/---

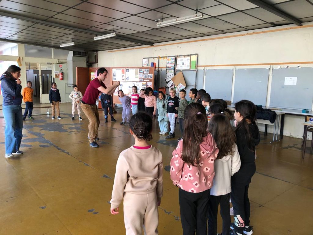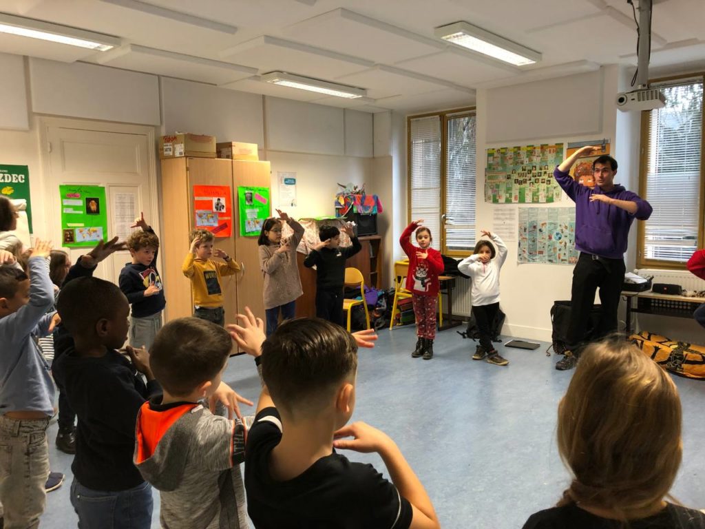 L’ensemble des élèves a également suivi des ateliers de théâtre avec l’intervenant Antoine Berezai de la Cie des Gentils, afin de mettre en mouvement le conte et le transformer en véritable spectacle incarné par les enfants. Il a oeuvré comme chef d’orchestre en faisant le lien entre les parties travaillées par les différents groupes. Il est intervenu à partir de janvier dans les classes, faisant travailler les élèves autour des questions de placement dans l’espace, d’attention au groupe, de gestes parasites, d’aisance et de posture. Ses ateliers, par leur forme ludique et inventive, ont conquis les élèves comme les enseignants. L’une des difficultés était de réussir à faire prendre conscience aux participants que d’autres classes répétaient également le même spectacle : Antoine faisait le lien entre eux grâce à des vidéos et des exercices en commun. Au final, les élèves d’élémentaire ont bénéficié de 14 heures d’intervention théâtrale entre janvier et mai. Les Musiciens Intervenants en Milieu Scolaire étaient présents sur ces interventions et ont ainsi pu découvrir de nouveaux outils pour leurs cours.
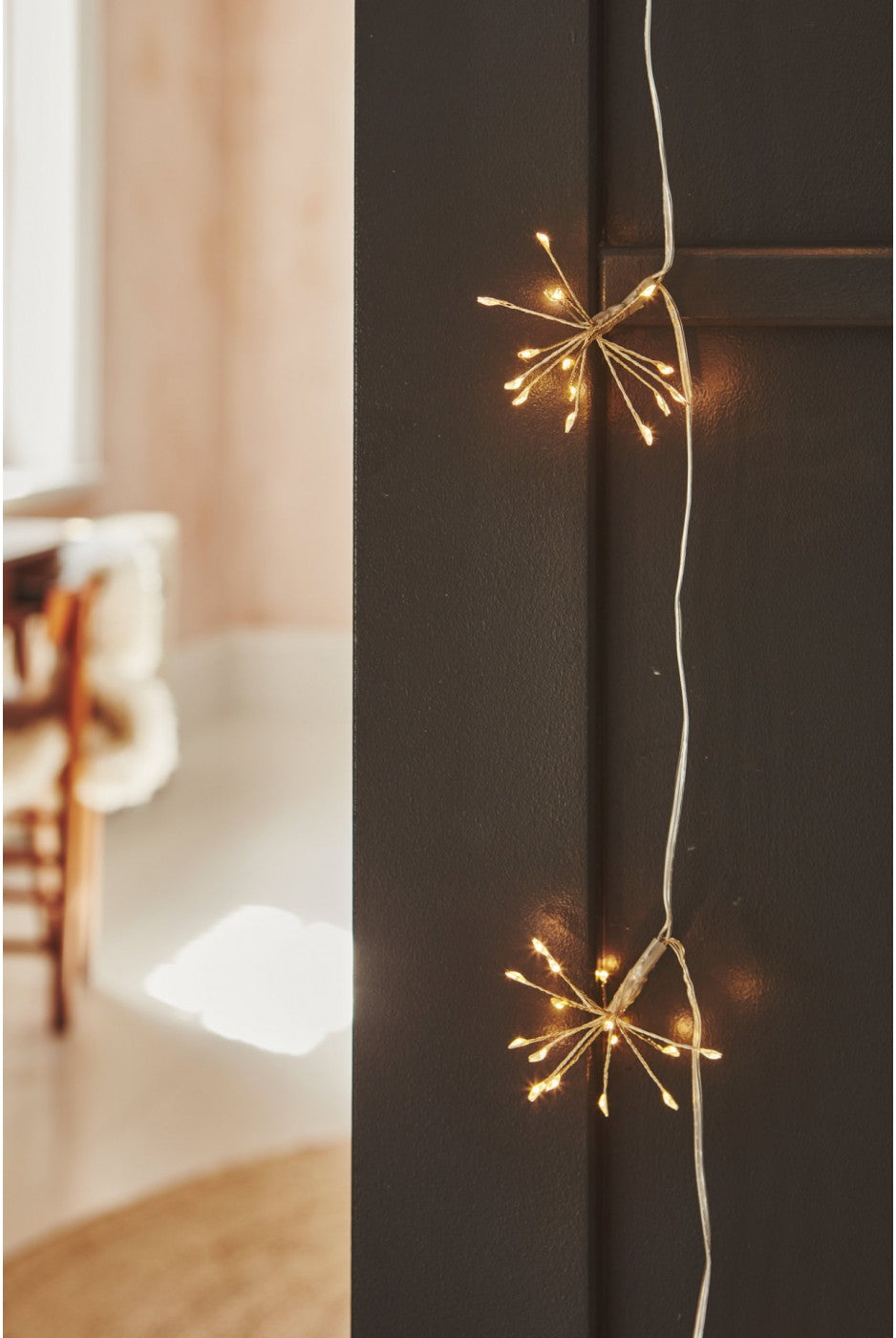 A silver chain of Starburst lights with 240 warm white LED’s with transformer. The string is decorated with 16 ornaments 7cm in size and has an illuminated length of 3m suitable for use indoors or outside. Total length is 6m. Not suitable for young children.
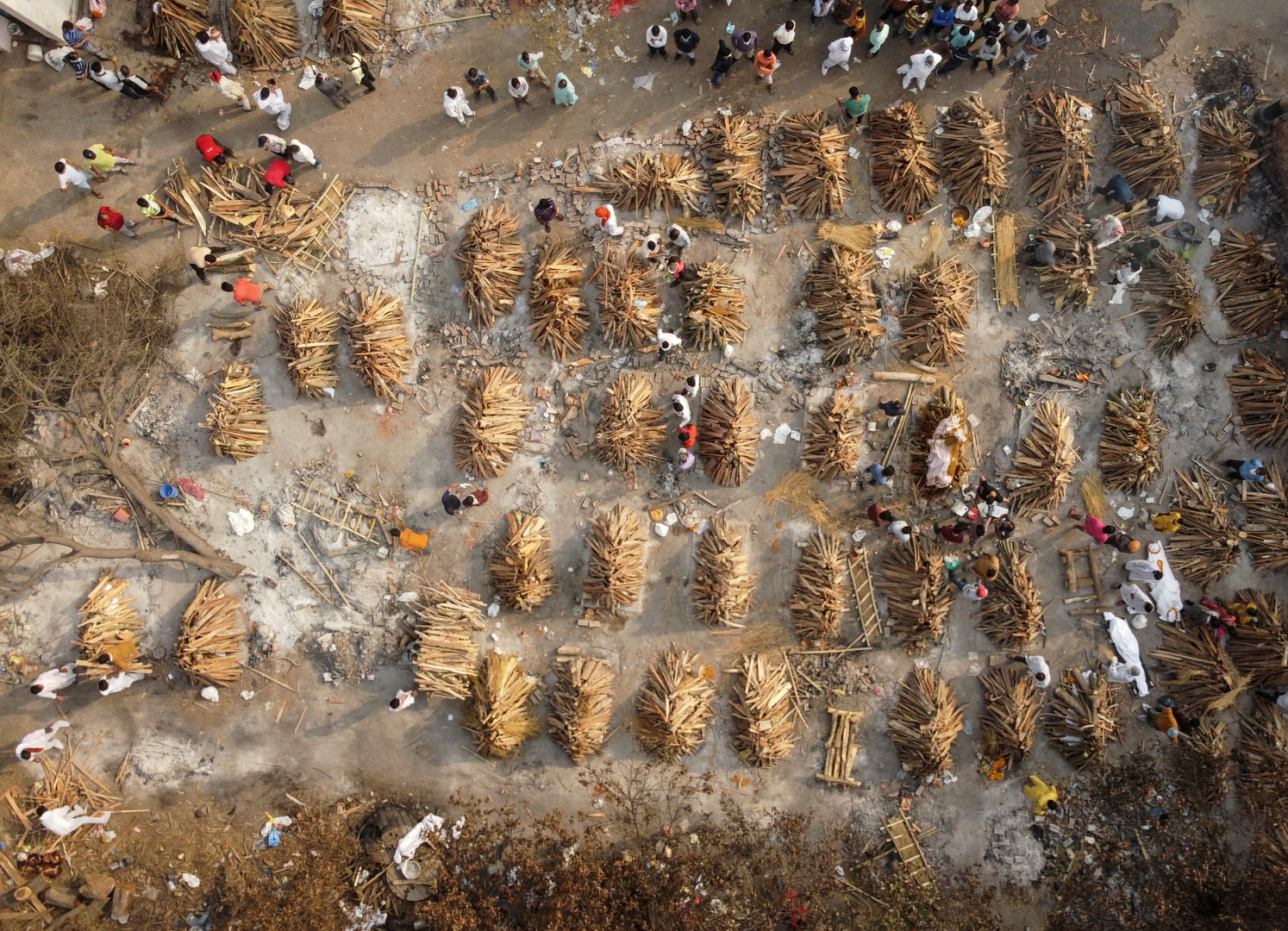وفي بعض المدن الهندية الأكثر تضررًا بوفيات الجائحة، تم حرق الجثث في منشآت مؤقتة في الحدائق ومواقف السيارات، لعدم وجود أماكن متاحة في المحارق المستخدمة لحرق جثث الموتى وفقًا للديانة البوذية.

\---

> WHAT THE TASK REQUIRES: Please print all the lines above exactly as given and leave out every picture.

> EXERCISE SOLUTION:
 L’ensemble des élèves a également suivi des ateliers de théâtre avec l’intervenant Antoine Berezai de la Cie des Gentils, afin de mettre en mouvement le conte et le transformer en véritable spectacle incarné par les enfants. Il a oeuvré comme chef d’orchestre en faisant le lien entre les parties travaillées par les différents groupes. Il est intervenu à partir de janvier dans les classes, faisant travailler les élèves autour des questions de placement dans l’espace, d’attention au groupe, de gestes parasites, d’aisance et de posture. Ses ateliers, par leur forme ludique et inventive, ont conquis les élèves comme les enseignants. L’une des difficultés était de réussir à faire prendre conscience aux participants que d’autres classes répétaient également le même spectacle : Antoine faisait le lien entre eux grâce à des vidéos et des exercices en commun. Au final, les élèves d’élémentaire ont bénéficié de 14 heures d’intervention théâtrale entre janvier et mai. Les Musiciens Intervenants en Milieu Scolaire étaient présents sur ces interventions et ont ainsi pu découvrir de nouveaux outils pour leurs cours.
 A silver chain of Starburst lights with 240 warm white LED’s with transformer. The string is decorated with 16 ornaments 7cm in size and has an illuminated length of 3m suitable for use indoors or outside. Total length is 6m. Not suitable for young children.
وفي بعض المدن الهندية الأكثر تضررًا بوفيات الجائحة، تم حرق الجثث في منشآت مؤقتة في الحدائق ومواقف السيارات، لعدم وجود أماكن متاحة في المحارق المستخدمة لحرق جثث الموتى وفقًا للديانة البوذية.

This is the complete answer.